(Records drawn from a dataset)
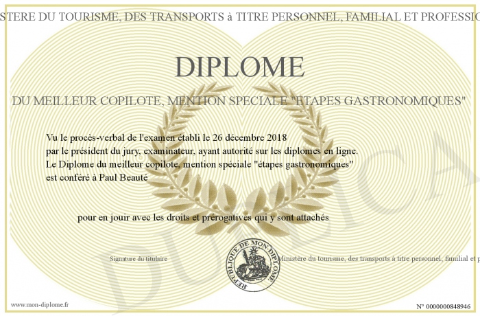 Envoyez par email votre Diplôme du meilleur copilote, mention spéciale -étapes gastronomiques- personalisé
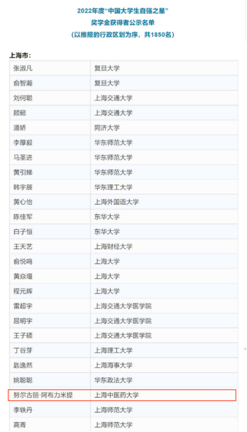2022年度“中国大学生自强之星”奖学金推报活动由共青团中央、全国学联指导,中国青年报社、新东方教育科技集团、中国青年创业就业基金会联合举办。活动以“踔厉奋发 勇毅前行”为主题,旨在树立当代大学生中热爱祖国、品行优良、不畏艰难、自强不息的榜样。自活动开展以来,学校高度重视,积极宣传,营造氛围,大力挖掘优秀典型,经过学校推荐,省级初评,全国评审等环节,最终评审结果公示,我院努尔古丽·阿布力米提同学荣获2022年度“中国大学生自强之星”奖学金。
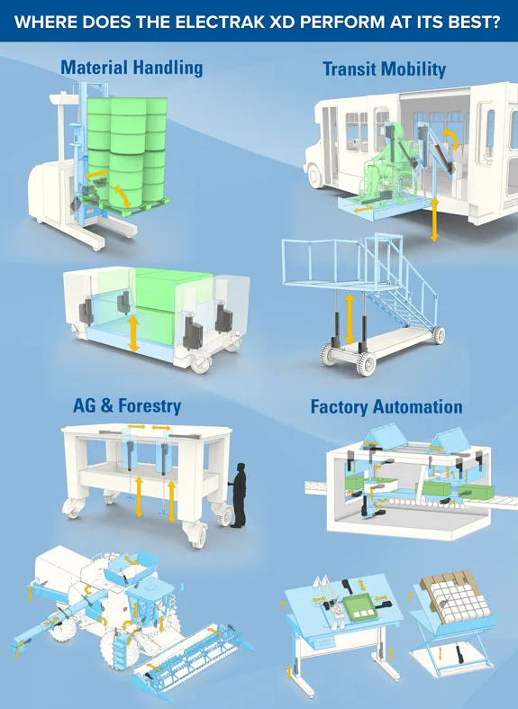 Har du något stort och tungt som behöver flyttas? Nu lanserar Thomson det kraftigaste standardställdonet någonsin med en lastkapacitet på 25.000 N i en smart förpackning. Thomson XD är ett nytt stort steg mot att ersätta komplicerade hydrauliska lösningar med elektromekanik med precision och smarta funktioner. XD är designat för moderna kontrollerbara applikationer och är samtidigt väldigt stryktåligt, med IP-klass IP67/69K och ett temperaturområde på -40 C till + 85 C. Med hastighet på upp till 75 mm/s, en duty cycle på upp till 100% och en livslängd upp till 275.000 cykler finns få gränser för vad man kan klara.
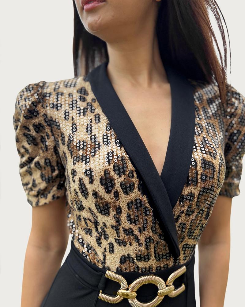 Leopard Pattern Contrast Sequin Deep V Neck Short Puff Sleeve Jumpsuits Metal O Ring Decor Casual Flared Overalls
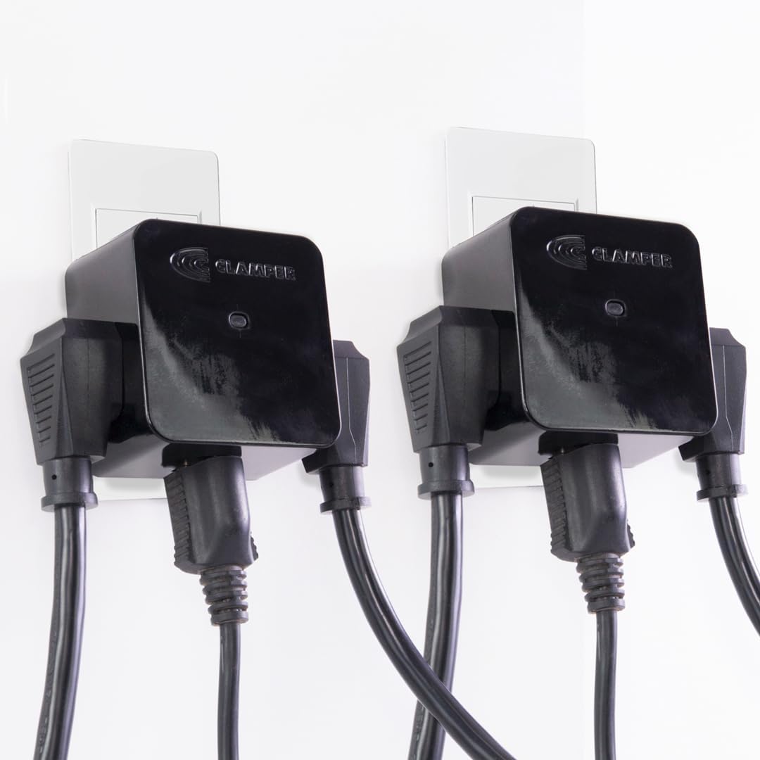 Clamper 3-Outlet Surge Protector 1800 Joules, 1875W, for TV, PC, Xbox, PS5, Refrigerators and Other Appliances (Compact Wall Surge Protector), iCLAMPER Power 3, 2-Pack Black
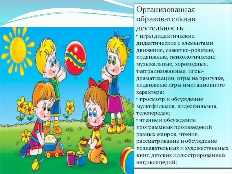 • игры дидактические, дидактические с элементами движения, сюжетно-ролевые, подвижные,

**WHAT TO PRODUCE**
Write out the entries again word for word. Do not include the pictures.

**WRITTEN SOLUTION**
 Envoyez par email votre Diplôme du meilleur copilote, mention spéciale -étapes gastronomiques- personalisé
2022年度“中国大学生自强之星”奖学金推报活动由共青团中央、全国学联指导,中国青年报社、新东方教育科技集团、中国青年创业就业基金会联合举办。活动以“踔厉奋发 勇毅前行”为主题,旨在树立当代大学生中热爱祖国、品行优良、不畏艰难、自强不息的榜样。自活动开展以来,学校高度重视,积极宣传,营造氛围,大力挖掘优秀典型,经过学校推荐,省级初评,全国评审等环节,最终评审结果公示,我院努尔古丽·阿布力米提同学荣获2022年度“中国大学生自强之星”奖学金。
 Har du något stort och tungt som behöver flyttas? Nu lanserar Thomson det kraftigaste standardställdonet någonsin med en lastkapacitet på 25.000 N i en smart förpackning. Thomson XD är ett nytt stort steg mot att ersätta komplicerade hydrauliska lösningar med elektromekanik med precision och smarta funktioner. XD är designat för moderna kontrollerbara applikationer och är samtidigt väldigt stryktåligt, med IP-klass IP67/69K och ett temperaturområde på -40 C till + 85 C. Med hastighet på upp till 75 mm/s, en duty cycle på upp till 100% och en livslängd upp till 275.000 cykler finns få gränser för vad man kan klara.
 Leopard Pattern Contrast Sequin Deep V Neck Short Puff Sleeve Jumpsuits Metal O Ring Decor Casual Flared Overalls
 Clamper 3-Outlet Surge Protector 1800 Joules, 1875W, for TV, PC, Xbox, PS5, Refrigerators and Other Appliances (Compact Wall Surge Protector), iCLAMPER Power 3, 2-Pack Black
 • игры дидактические, дидактические с элементами движения, сюжетно-ролевые, подвижные,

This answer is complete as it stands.